==== Supplied information ====

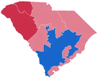 Romney defeated Obama in the state by 54.56% to 44.09%, a margin of 10.47%.[1] While the state is generally considered safe for the Republican Party, it remains somewhat competitive due to a high African-American population, the sixth-highest in the country.[2] The majority of the Democratic vote comes from the Black Belt, with areas such as Richland and Charleston counties, home to Columbia and Charleston respectively, providing high margins for the Democrats. However, this support is largely offset by suburban and rural white voters.[3] The state hasn't voted for a Democrat since Jimmy Carter carried it in 1976.[4] Romney also improved on John McCain's 8.97% margin in 2008.
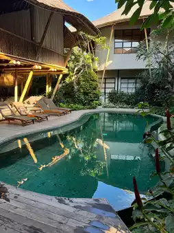 Canggu Sins Villa Resort is located in the Canggu area of Bali, surrounded by lush greenery and tropical scenery. The resort has a unique design and style, exuding a strong atmosphere of traditional Balinese culture. Each villa is independent and private, making you feel like you are in a quiet paradise. Mainly made of wood, with local decorations, it reflects the combination of simplicity and nature. The quiet poolside and swaying coconut trees make every corner of the resort comfortable and elegant, making you linger.
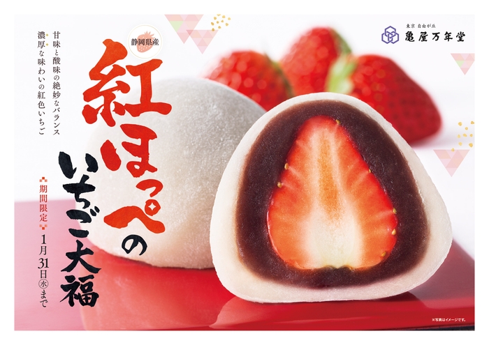 1月は、甘味と酸味が絶妙なバランスの静岡県産「紅ほっぺ」と、北海道産小豆を使用したなめらかなこしあんを合わせ、もっちりやわらかな餅生地で包んだ『 いちご大福 』(1個291円(税込)・常温販売)を2024年1月4日(木)より1月31日(水)まで、東京・自由が丘にある総本店をはじめ直販26店舗(東京・神奈川)にて販売いたします。

====

Aim of the exercise
Return the complete material exactly as it appears, without images.

Result
 Romney defeated Obama in the state by 54.56% to 44.09%, a margin of 10.47%.[1] While the state is generally considered safe for the Republican Party, it remains somewhat competitive due to a high African-American population, the sixth-highest in the country.[2] The majority of the Democratic vote comes from the Black Belt, with areas such as Richland and Charleston counties, home to Columbia and Charleston respectively, providing high margins for the Democrats. However, this support is largely offset by suburban and rural white voters.[3] The state hasn't voted for a Democrat since Jimmy Carter carried it in 1976.[4] Romney also improved on John McCain's 8.97% margin in 2008.
 Canggu Sins Villa Resort is located in the Canggu area of Bali, surrounded by lush greenery and tropical scenery. The resort has a unique design and style, exuding a strong atmosphere of traditional Balinese culture. Each villa is independent and private, making you feel like you are in a quiet paradise. Mainly made of wood, with local decorations, it reflects the combination of simplicity and nature. The quiet poolside and swaying coconut trees make every corner of the resort comfortable and elegant, making you linger.
 1月は、甘味と酸味が絶妙なバランスの静岡県産「紅ほっぺ」と、北海道産小豆を使用したなめらかなこしあんを合わせ、もっちりやわらかな餅生地で包んだ『 いちご大福 』(1個291円(税込)・常温販売)を2024年1月4日(木)より1月31日(水)まで、東京・自由が丘にある総本店をはじめ直販26店舗(東京・神奈川)にて販売いたします。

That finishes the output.